Given an input array of integers and a positive integer **k**, find out the maximum sum of a contiguous subarray of length exactly **k**

**Example**

Input:nums=`[5, 6, 1, 2,`

,6, 6, 4, 3]k= 3Output:4 6Explanation:The subarray nums[4...6] has the maximum sum of 16

The core challenge of this problem is to find the maximum sum of any contiguous subarray of length exactly **k**. This problem is significant in various applications such as financial analysis, where one might want to find the best period for investment returns.

Potential pitfalls include misunderstanding the requirement for the subarray to be contiguous and exactly of length **k**.

To solve this problem, we can use a sliding window approach, which is optimal for problems involving contiguous subarrays.

**Naive Solution:** A naive solution would involve checking the sum of every possible subarray of length **k**. This would have a time complexity of O(n*k), which is not efficient for large arrays.

**Optimized Solution:** The sliding window technique allows us to achieve a time complexity of O(n). The idea is to maintain a window of size **k** and slide it across the array while keeping track of the maximum sum.

1. Initialize the sum of the first **k** elements.

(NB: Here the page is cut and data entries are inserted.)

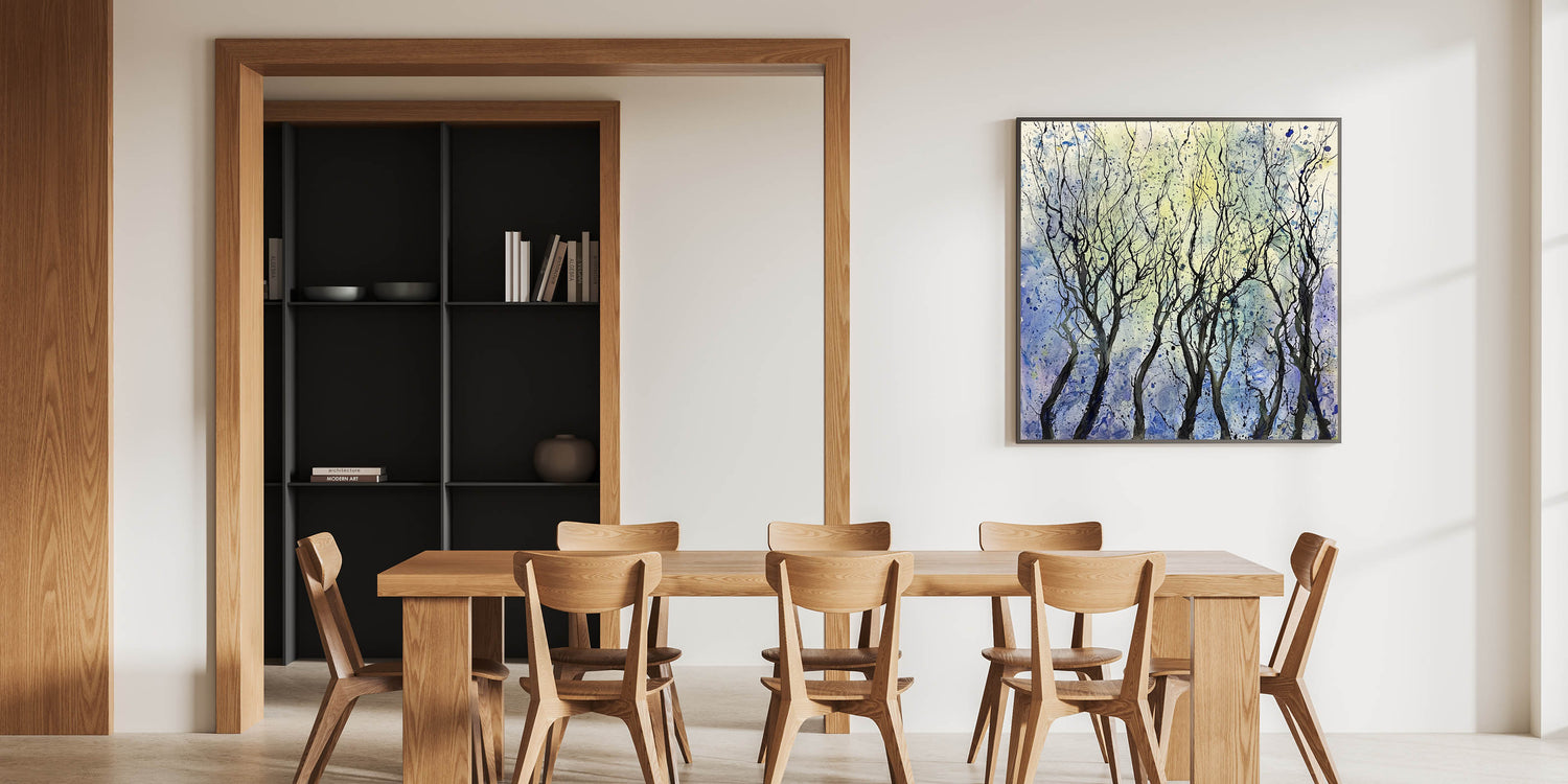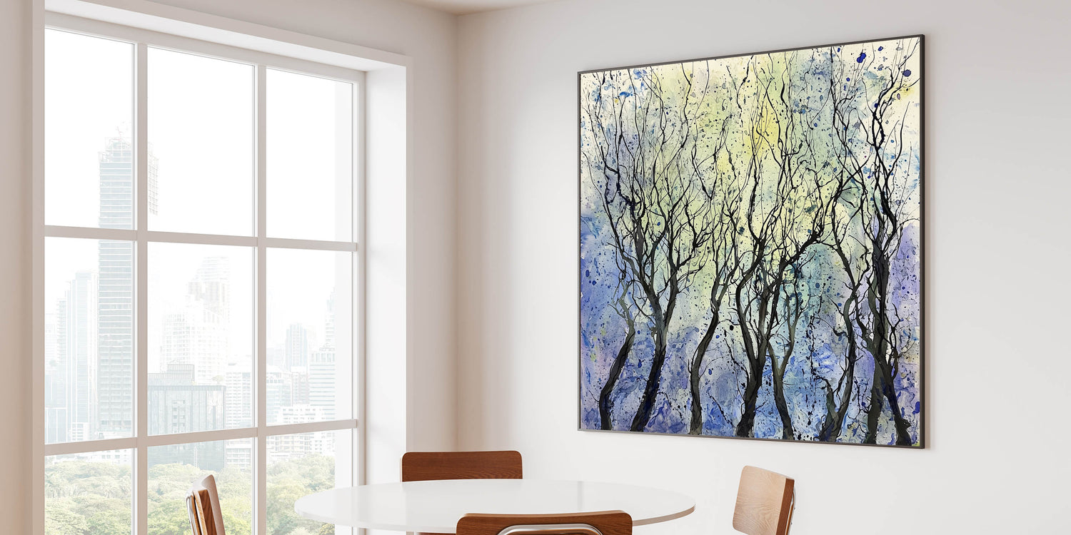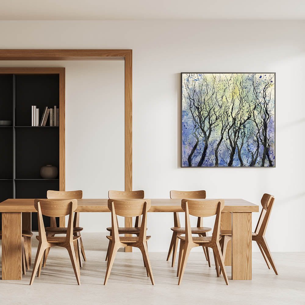 Create a calming and sophisticated ambiance in your dining space with this serene abstract tree wall art. Featuring intricate black branches set against a dreamy blend of blue, purple, and yellow hues, this piece captures the beauty of nature in an expressive, modern style. The fluid brushstrokes and artistic splatters add a sense of movement, making this elegant dining room wall art an eye-catching focal point.
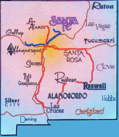 From Atoms to Astronauts: Space and Energy Exploration in New MexicoMarch 2002 - Here was an Elderhostel that would give us an in-depth view of the technical side of New Mexico. Like Larry, most of the hostelers were of a scientific or engineering background, which made for good companionship. Our guides included a retired physicist and a retired history professor. One gave us lectures about the technical sites we would be visiting, the other, the history and geology of the state. We travelled around the state in a 40 seat bus (see map) and stayed at moderate motels. This is what we love about Elderhostel; we are well cared for and don't have to think about these details. We can put our full attention on the subject at hand.
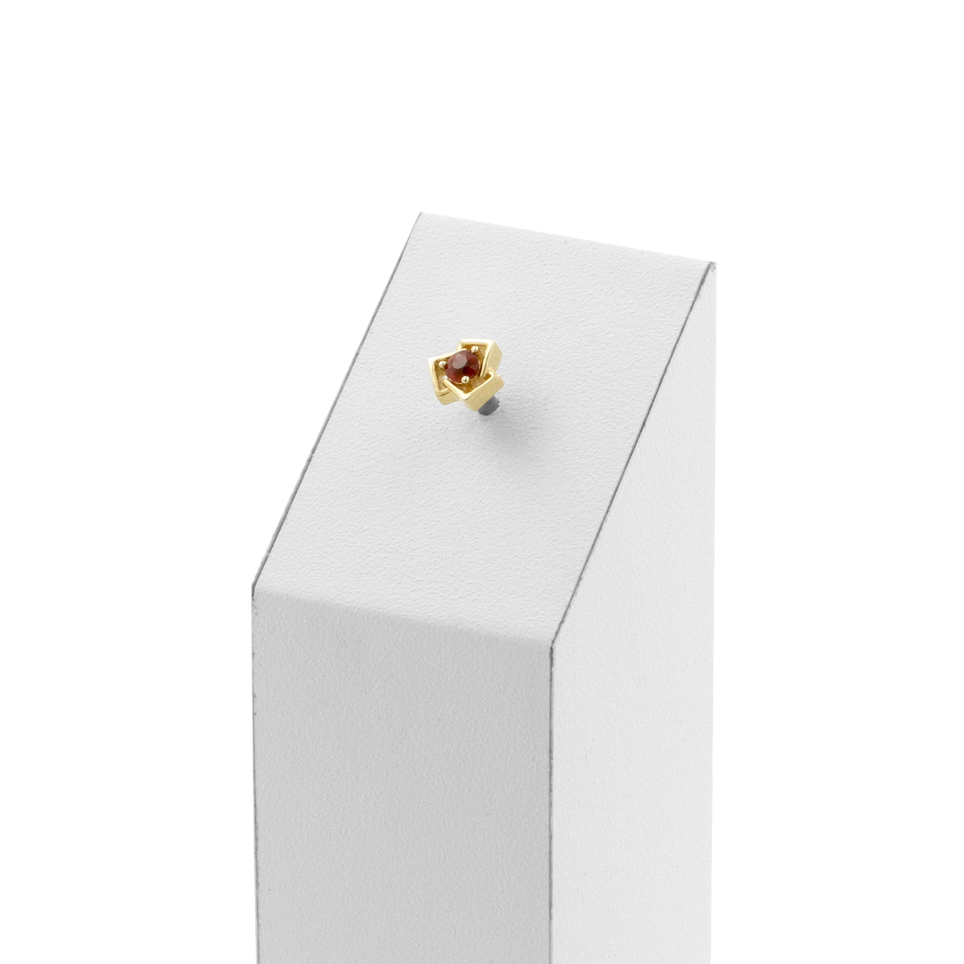 14 Karat Gold Squares With Ruby instantly adds a stylish touch to your piercing. This Threadless Top is made of 14 Karat Gold. The threadless system allows you to easily combine this top with all our bars, which we call Threadless Base, for a perfect fit and ultimate comfort.

2. Slide the window across the array by adding the next element and removing the first element of the previous window.

3. Keep track of the maximum sum encountered during this process.

```
public class MaximumSumSubarray {
public static int maxSumSubarray(int[] nums, int k) {
// Initialize the sum of the first window
int maxSum = 0;
for (int i = 0; i < k; i++) {
maxSum += nums[i];
}
// Current sum of the window
int windowSum = maxSum;
// Slide the window from start to end of the array
for (int i = k; i < nums.length; i++) {
// Add the next element and remove the first element of the previous window
windowSum += nums[i] - nums[i - k];
// Update the maximum sum if the current window sum is greater
maxSum = Math.max(maxSum, windowSum);
}
return maxSum;
}
public static void main(String[] args) {
int[] nums = {5, 6, 1, 2, 6, 6, 4, 3};
int k = 3;
System.out.println("Maximum sum of subarray of length " + k + " is: " + maxSumSubarray(nums, k));
}
}
```

The time complexity of the sliding window approach is O(n) because we traverse the array only once. The space complexity is O(1) as we are using a constant amount of extra space.

1. If the array length is less than **k**, the problem constraints should ensure this does not happen.

2. If all elements are negative, the algorithm still works correctly by finding the least negative sum.

To test the solution comprehensively, consider the following cases:

- Array with all positive numbers
- Array with all negative numbers
- Array with mixed positive and negative numbers
- Array with length exactly
**k**

When approaching such problems, always consider if a sliding window or two-pointer technique can be applied. Practice similar problems to get a better understanding of these techniques.

Understanding and solving the maximum sum subarray problem using the sliding window technique is crucial for optimizing performance in real-world applications. Practice and familiarity with such problems will enhance your problem-solving skills.